Idempotent and Resumable
Every tool was designed to be killed and restarted freely:
- Existence checks before uploading — safe to re-run
- Mapping CSV as checkpoint — completed uploads written immediately, skipped on restart
- No source modifications — the source bucket stayed read-only throughout
Gap Detection and Fill
After bulk migration, a comparison tool diffed source vs destination by (filename, size), accounting for intentionally skipped files. A gap-fill tool migrated only missing files. Run repeatedly until missing count hit zero.
PM2 Orchestration
A script generator created per-subfolder shell scripts. PM2 managed all streams with per-stream logging, automatic restart on crash, and a unified monitoring dashboard.
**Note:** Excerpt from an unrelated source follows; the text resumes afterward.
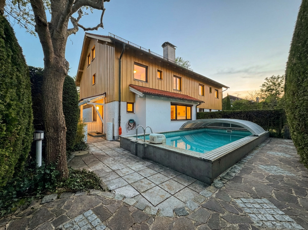 Die Bestlage am Waldrand Grünwald! Großzügige Doppelhaushälfte mit viel Platz und Outdoorpool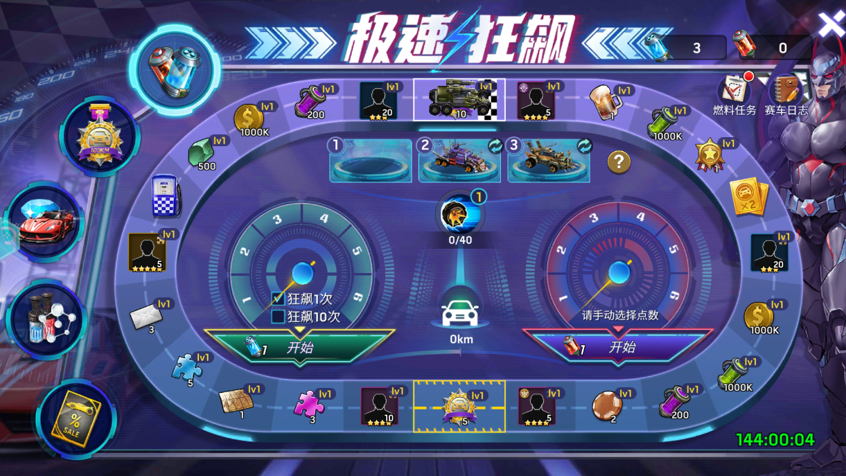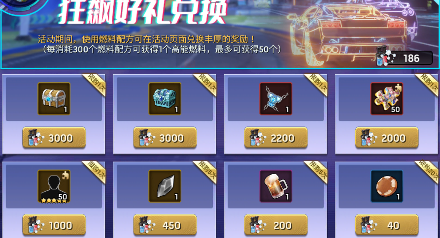 也可以2个648车神典藏礼包,加4-5个狂飙好运礼包,加签到的燃料配方,氪金约1500左右,换购光暗自选宝箱各一个!

Combined with resume-from-CSV logic, a crashed stream picked up right where it left off.
Phase 6: Execution — 3 VMs, 36 Hours
| VM | Spec | Role |
|---|---|---|
| VM 1 | GCE e2-standard-8 (8 vCPU, 32 GB) | Primary worker |
| VM 2 | GCE e2-standard-8 (8 vCPU, 32 GB) | Secondary worker |
| VM 3 | GCE (8 GB) | Gap-fill + verification |
VMs in the same region as the destination meant free GCS ingress and ~2ms latency vs ~150ms from a local machine — a 75x improvement. Each VM ran ~50 concurrent workers (~150 total).
The workflow: duplicate scan, CDN matching, originality refinement, generate batch scripts, deploy to VMs, PM2 processes, gap detection, gap fill, final verification.
Total data transfer time: ~1.5 days.
The Toolkit
We built 15+ purpose-built Python tools, each doing one thing well and communicating via CSV:
| Category | Tools | Purpose |
|---|---|---|
| Migration | 5 tools | Stream objects to GCS/S3 with various path transforms |
| Deduplication | 3 tools | Scan, analyze, and classify duplicate files |
| CDN Safety | 3 tools | Match CDN URLs, protect in-use files, map old-to-new paths |
| Verification | 4+ tools | Diff source/destination, rebuild mappings, generate reports |
Every tool was idempotent (safe to re-run), resumable (checkpoint to disk), non-destructive (source is read-only), and composable (CSV in, CSV out).
Lessons Learned
-
Deduplicate before migrating — Our 89-minute scan eliminated 8.85 TB of unnecessary transfers. Do not pay to move garbage.
-
Thread-local clients are non-negotiable — Shared SDK clients cause intermittent failures at high concurrency that are nearly impossible to debug. One client per thread, always.
-
Checkpoint everything — Our first scan crashed 46 minutes in. With checkpointing, zero work lost. Without it, 46 minutes gone. Build resumability from the start.
-
Skip-lists over deletes — Never deleted from the source bucket. Excluded duplicates via skip-files during migration. Source stayed intact as a rollback safety net.
-
Run compute near your data — Moving from local machine to same-region VMs: 150ms to 2ms latency. Saved an entire day of wall-clock time.
-
UUID paths solve multiple problems — Security (unguessable), collision avoidance (no filename conflicts), future-proofing (
/original/reserves room for derivatives), and decoupling (org changes do not break URLs). -
Build for both, decide with data — Evaluating GCS and S3 simultaneously was ~30% more effort but eliminated guesswork entirely.
-
Modular tools over monoliths — 15 focused tools communicating via CSV. Re-run any stage independently. Add new destinations without touching analysis tools.
What Comes Next
Migrating 35 TB across clouds is not just a file copy. It is an opportunity to audit, deduplicate, secure, and restructure. Our zero-egress scan revealed 60% duplication. The UID transformation made URLs unguessable. The parallel streaming architecture — 3 VMs, 150 workers, crash-safe checkpointing — moved it all in a day and a half.
If you are facing a multi-terabyte migration: scan first, deduplicate, protect what is live, transform paths, stream do not buffer, checkpoint everything, and stay non-destructive.
The tools are built. The data is migrated. The URLs are secure. And the storage bill is $184/month lighter.